Glamorosa Obsesión

Glamorosa Tentación · 3

Glamorosa Obsesión

Puede dejarlo ir. O puede contarle la verdad. No las dos.

Giselle Blanchet nunca pagó por nada de lo que hizo. Ese era el trato que tenía con el mundo, y el mundo le cumplió sus caprichos.

Lo que hizo para construir a Alexander vuelve ahora, con nombres y con fechas. Y no vuelve para castigarla a ella: vuelve para alcanzarlo a él, que no eligió nada de aquello y va a pagarlo igual.

Alexander ha encontrado algo que no estaba en el plan. Algo tranquilo, y suyo, y sin público. El primer sitio en su vida donde nadie le está midiendo. Podría quedarse. Sabe exactamente lo que le costaría no hacerlo.

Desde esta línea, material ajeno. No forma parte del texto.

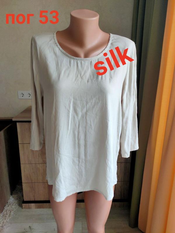 В дуже гарному стані ♥️♥️♥️♥️ по бірці 42 розмір. Натуральний шовк 94/ + еластан . Надзвичайно!!!! приємна до тіла . Прямо класнюча по відчуттях буде👍👍👍🌹🌹🌹Можна брати як базову річ 🌹🌹🌹 Пог 53_54, довжина рукава 45 см, по спинці довжина 65 см, ширина виробу в самому низу 56 см, збоку є маленькі розрізи. За рахунок еластану чуть тягнеться.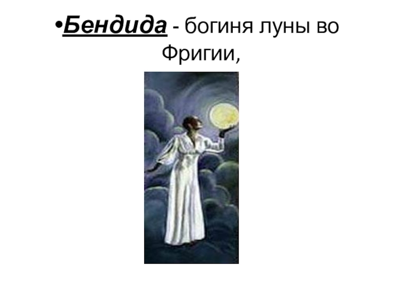 Слайд 12Бендида - богиня луны во Фригии,
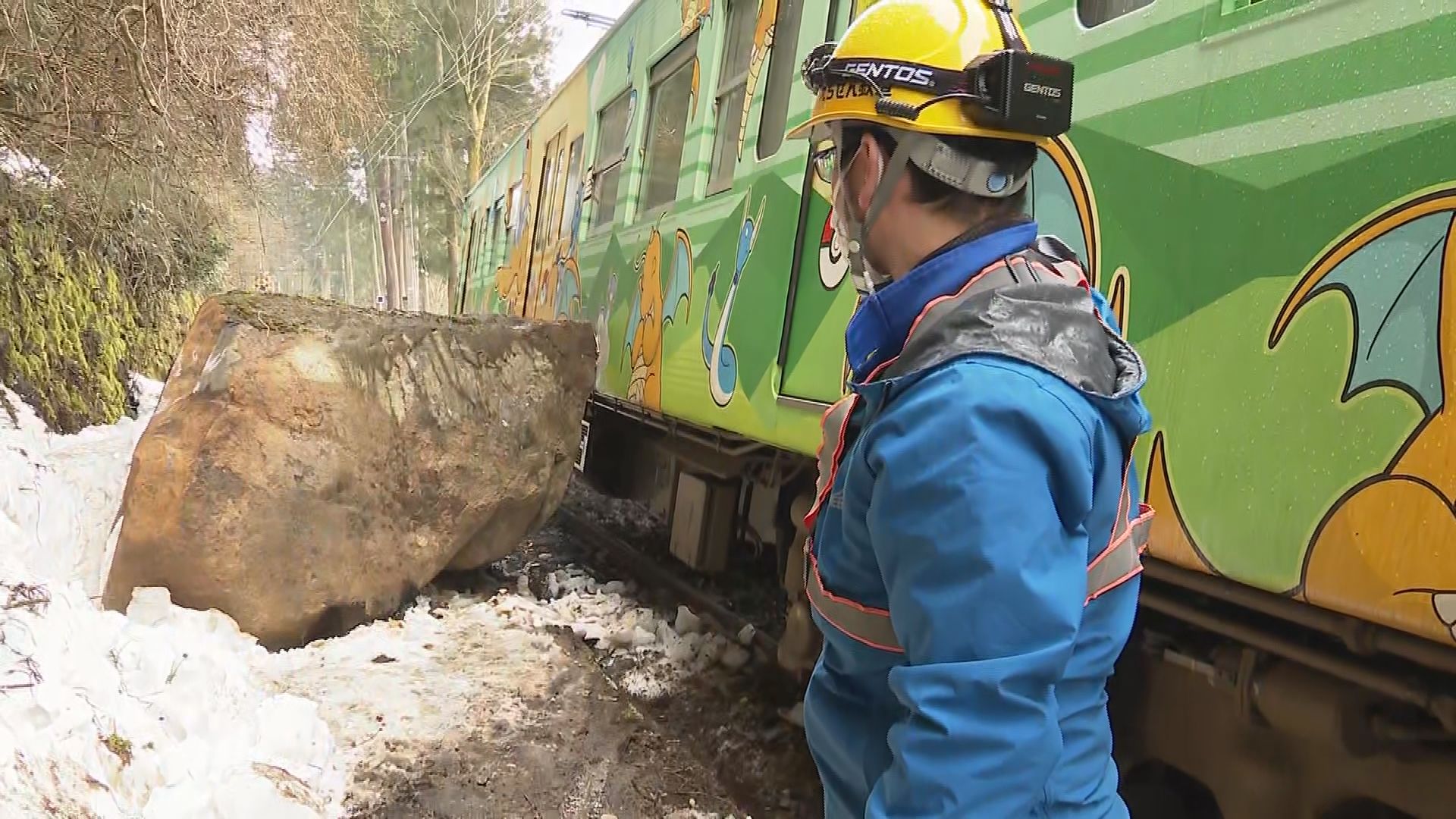 この事故のため、えちぜん鉄道は午前9時現在山王(さんのう)駅と勝山駅の間で運転を見合わせ福井駅と山王駅の間の折り返し運転を行っています。線路上の落石はたて・横1メートル50センチくらいで列車は左側の前の部分が衝撃でゆがんだほか運転席のガラスにひびが入りました。

Porque el circuito no lo suelta, las mujeres que lo enseñaron quieren ver hasta dónde llegó su obra, y Giselle —que ya lo perdió una vez y no lo soportó— tiene una última carta, y es la peor.

Puede dejarlo ir y vivir sabiendo que fue feliz sin ella. O puede contarle la verdad de cómo empezó todo, quemarlo todo, y quedarse con lo que quede.

Uno de los dos tiene que renunciar. La trilogía termina aquí, y no termina bien para todos.